PROVIDED DATA:
Content starts

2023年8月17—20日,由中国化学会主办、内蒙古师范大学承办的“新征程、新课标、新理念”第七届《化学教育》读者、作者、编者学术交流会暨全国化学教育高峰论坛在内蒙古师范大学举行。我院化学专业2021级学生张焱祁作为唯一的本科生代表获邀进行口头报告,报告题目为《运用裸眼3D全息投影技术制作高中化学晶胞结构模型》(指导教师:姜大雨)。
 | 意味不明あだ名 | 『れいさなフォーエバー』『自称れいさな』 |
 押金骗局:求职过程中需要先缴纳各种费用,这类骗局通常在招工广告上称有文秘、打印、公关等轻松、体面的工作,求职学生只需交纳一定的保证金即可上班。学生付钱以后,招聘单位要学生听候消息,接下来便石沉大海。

Content ends
Content starts

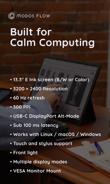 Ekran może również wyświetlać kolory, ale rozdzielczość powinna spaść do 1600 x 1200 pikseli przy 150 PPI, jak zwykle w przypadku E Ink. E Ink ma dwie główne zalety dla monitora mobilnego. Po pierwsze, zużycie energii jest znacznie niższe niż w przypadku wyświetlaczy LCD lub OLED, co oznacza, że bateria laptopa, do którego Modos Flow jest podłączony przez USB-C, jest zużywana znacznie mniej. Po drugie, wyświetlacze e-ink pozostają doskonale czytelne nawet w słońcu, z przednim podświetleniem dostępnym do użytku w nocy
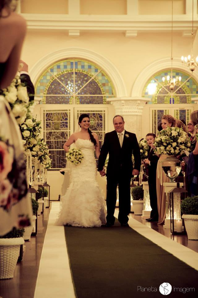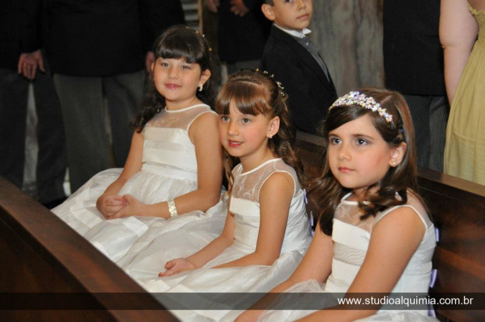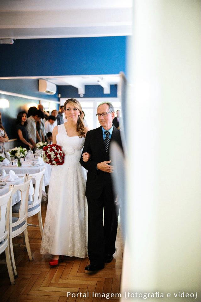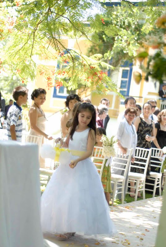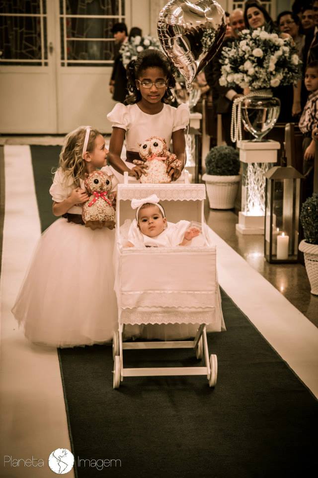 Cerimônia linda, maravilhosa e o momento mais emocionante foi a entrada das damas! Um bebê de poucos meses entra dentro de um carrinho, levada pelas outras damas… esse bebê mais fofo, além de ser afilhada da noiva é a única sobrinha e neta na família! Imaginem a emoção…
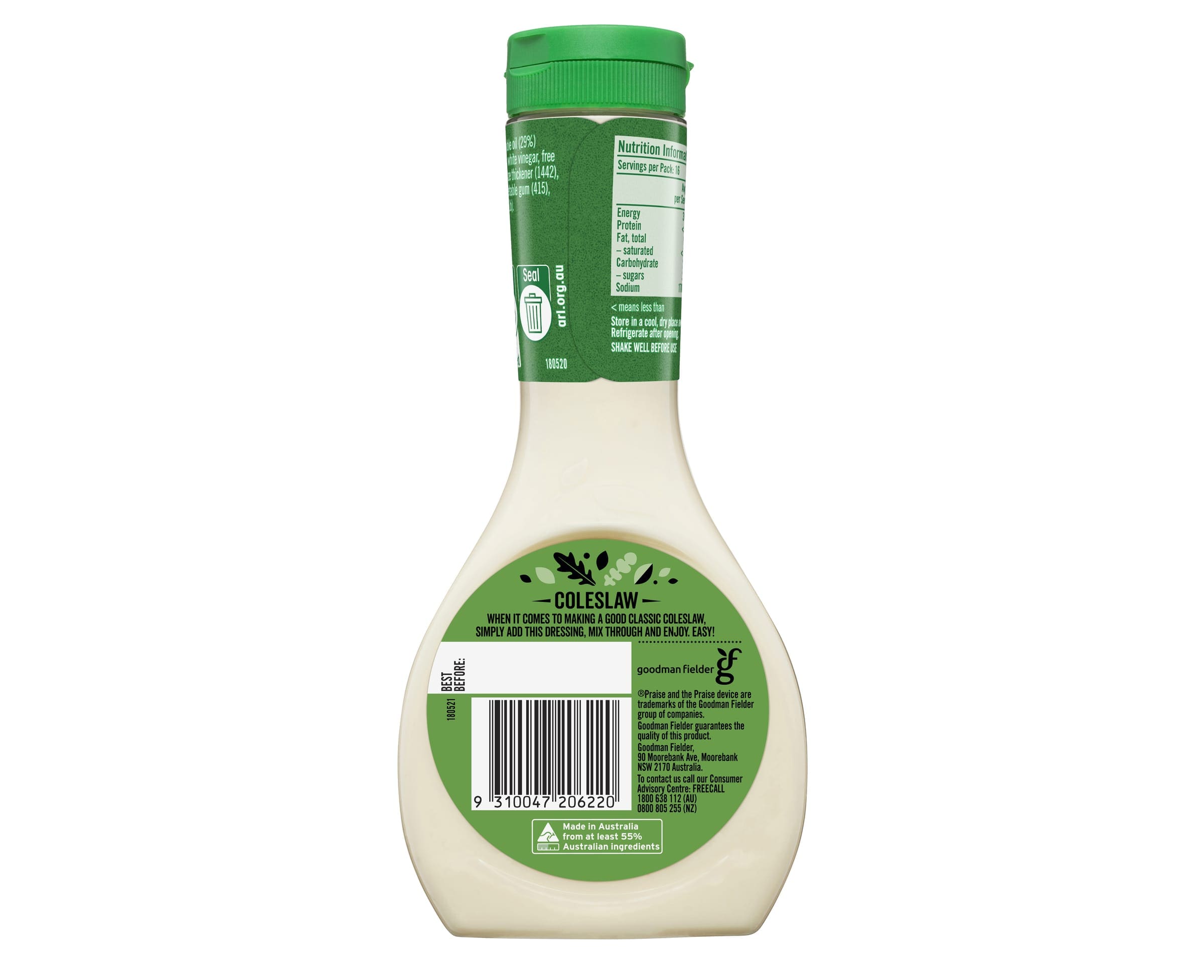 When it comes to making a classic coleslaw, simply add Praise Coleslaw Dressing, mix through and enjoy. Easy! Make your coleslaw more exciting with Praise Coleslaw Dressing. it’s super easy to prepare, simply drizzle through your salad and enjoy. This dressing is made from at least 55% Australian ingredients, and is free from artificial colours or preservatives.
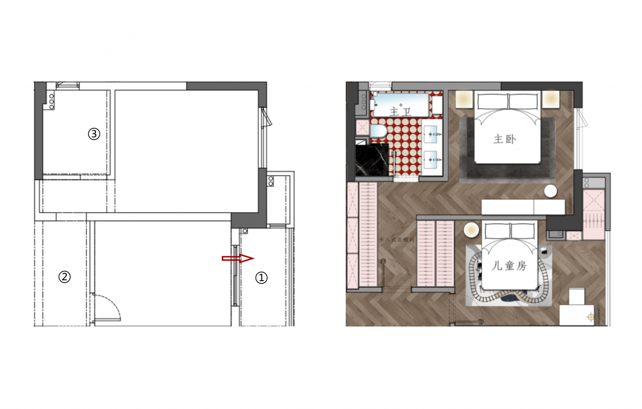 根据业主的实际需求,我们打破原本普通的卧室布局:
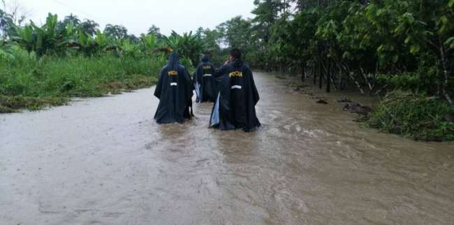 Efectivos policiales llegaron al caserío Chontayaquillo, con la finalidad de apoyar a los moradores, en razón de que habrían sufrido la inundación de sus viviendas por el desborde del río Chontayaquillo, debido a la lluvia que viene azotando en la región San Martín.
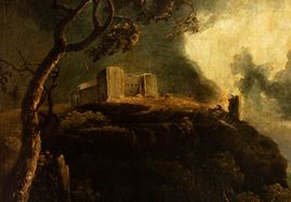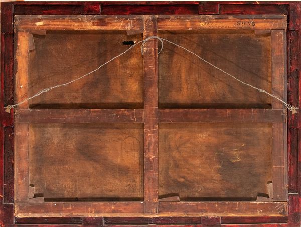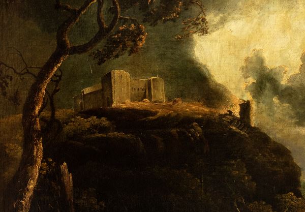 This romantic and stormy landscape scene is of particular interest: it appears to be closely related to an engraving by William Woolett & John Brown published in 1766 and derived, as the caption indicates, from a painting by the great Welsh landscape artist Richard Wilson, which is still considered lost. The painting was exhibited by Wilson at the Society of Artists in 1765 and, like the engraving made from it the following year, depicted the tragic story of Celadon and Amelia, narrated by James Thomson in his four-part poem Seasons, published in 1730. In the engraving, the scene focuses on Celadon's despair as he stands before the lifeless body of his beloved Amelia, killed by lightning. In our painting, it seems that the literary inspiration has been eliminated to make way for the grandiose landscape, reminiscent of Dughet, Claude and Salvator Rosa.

Content ends

INSTRUCTIONS FOR THE TASK: Word for word, write out the lines above running from the one with "Cerimônia linda, maravilhosa" up to and including the one with "Efectivos policiales llegaron". Drop any picture.

SOLUTION TO THE EXERCISE:
 Cerimônia linda, maravilhosa e o momento mais emocionante foi a entrada das damas! Um bebê de poucos meses entra dentro de um carrinho, levada pelas outras damas… esse bebê mais fofo, além de ser afilhada da noiva é a única sobrinha e neta na família! Imaginem a emoção…
 When it comes to making a classic coleslaw, simply add Praise Coleslaw Dressing, mix through and enjoy. Easy! Make your coleslaw more exciting with Praise Coleslaw Dressing. it’s super easy to prepare, simply drizzle through your salad and enjoy. This dressing is made from at least 55% Australian ingredients, and is free from artificial colours or preservatives.
 根据业主的实际需求,我们打破原本普通的卧室布局:
 Efectivos policiales llegaron al caserío Chontayaquillo, con la finalidad de apoyar a los moradores, en razón de que habrían sufrido la inundación de sus viviendas por el desborde del río Chontayaquillo, debido a la lluvia que viene azotando en la región San Martín.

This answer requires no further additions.